# Eyebrows --> Alternatives to the pencil!



## Floyd (Dec 14, 2013)

Hello, Ladies!
 

I could REALLY use some advice!  I am a guy, and I know next to nothing about makeup! (aside from stage make up)

Here's the deal.. During pregnancy with one of my older brothers my poor mom lost just about all of her eyebrow hair. She has been using an eyebrow pencil to draw on eyebrows for probably close to 30 or more years. Lately she has been talking about the idea of getting eyebrow tattoos. (Risky, and expensive.) I've been looking online for other ideas. Hair implants are apparently just as risky, and even more expensive. There is also the idea of doing henna, which I might suggest to her..

Any ladies have any advice or suggestions? Anybody have any experience with eyebrow tattoos, or even implants? I'd appreciate it!

Sorry if this post is in the wrong forum.


----------



## kotoko (Dec 14, 2013)

This is totally a thing! I actually researched it, because my eyebrows are pretty light, but haven't decided to pull the trigger yet. Maybe later on.

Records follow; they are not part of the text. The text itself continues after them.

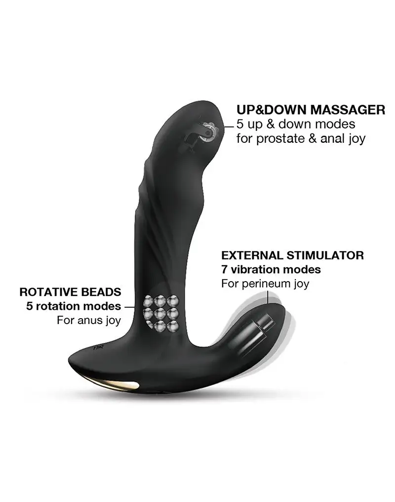 Multi P-Joy is een echte innovatie in mannelijk genot. De eerste motor met massageballetjes bevindt zich in de flexibele kop van de vibrator, die dankzij de golvende schacht op en neer beweegt om de prostaat met de grootste precisie te stimuleren. De tweede motor heeft draaiende balletjes om de anale wand te stimuleren. De derde motor gericht is op het perineum genot. Dankzij de ronde vorm is een gemakkelijke en zachte penetratie gegarandeerd. De prostaat stimulator heeft 5 op-en-neer modi, 5 rotatie modi en 7 vibratie modi.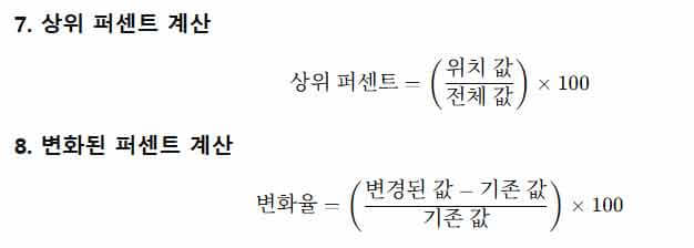 예: "(변경된 값 - 기존 값) ÷ 기존 값 × 100"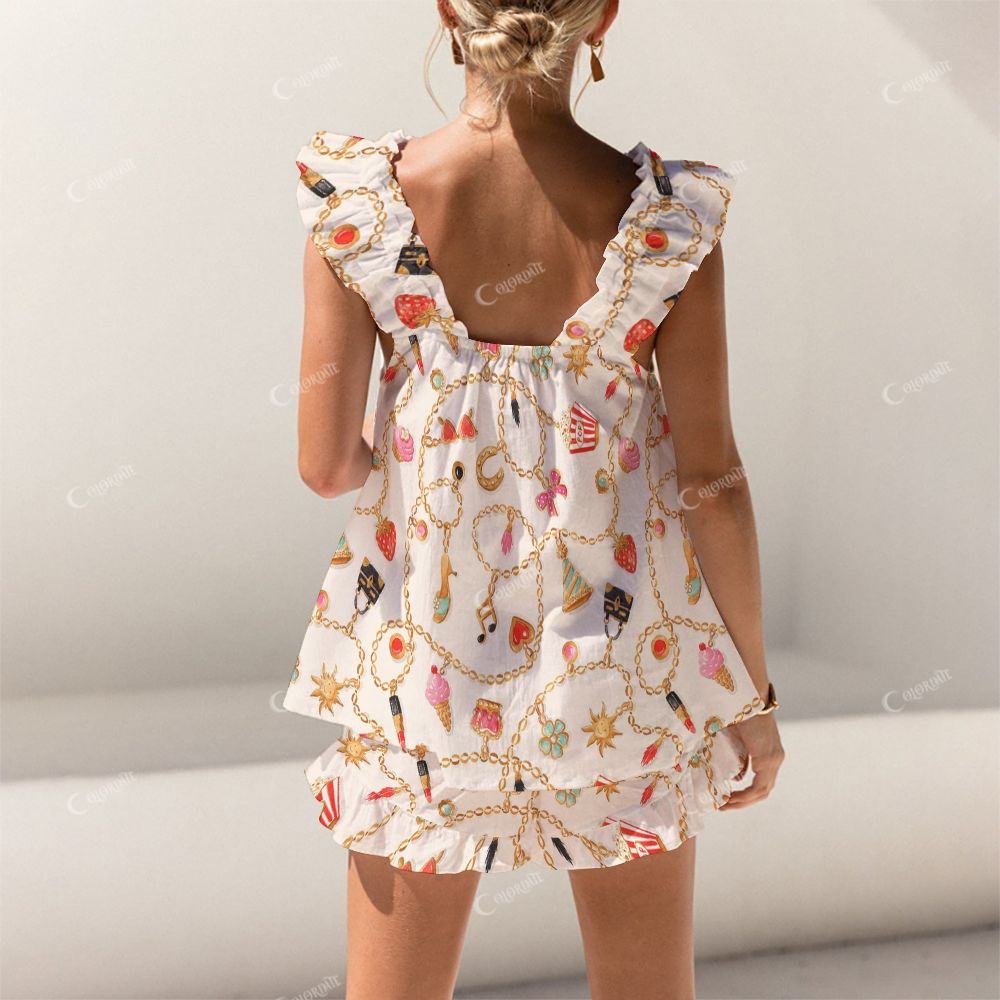 Colordate Metal Chain Print Short Tank Top Shorts Pajama Set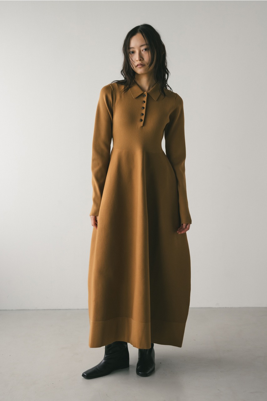 モデル身長173cm(Mサイズ着用) 丸いフォルム感のあるシルエットと配色ボタンがポイントのポロニットワンピース。あえて長めにした袖と後ろパネルにしたショルダーデザインが肩回りをすっきりと見せてくれます。ストレッチの効いたしっかりとした厚みのある糸を使用しているので、シワになりにくく、毛玉にもなりにくいのがうれしいポイント。ストレッチあり、透け感なし。 【お手入れ方法】ドライクリーニング

Here's a blogpost that I found super helpful: http://prettygossip.com/2012/04/17/i-tattooed-my-eyebrows/

Also, this is and has been a thing in Asia for YEARS. You might know people who know other people who have done it; apparently, some of my aunts had it done? Maybe they could give you some input.

Best of luck!


----------



## makeupbyomar (Dec 19, 2013)

Just make really sure you research your tattooist for your brows. I don't know where you're at, but in NA, I would recommend you avoid estheticians, as they are not tattoo artists. I have seen a lot of botched work from them. Your best bet is to go into a proper tattoo shop and get your brows done by a pro. Look at it this way... Would you rather get your brows done by someone who took a weekend course? Or by someone who has been tattooing professionally for 10-15 years? As with all creative and visual mediums, always ask to see their portfolio. If they don't have one, walk away, regardless if it's from a tattoo shop or from a full service spa / salon. Remember, tattoos are for life. Covering up a brow tattoo via another tattoo or laser removal, or covering it with make-up, will be a lot more than you bargained for. Again, take your time and research! Kotoko gave a link which is a good first start. Good luck!


----------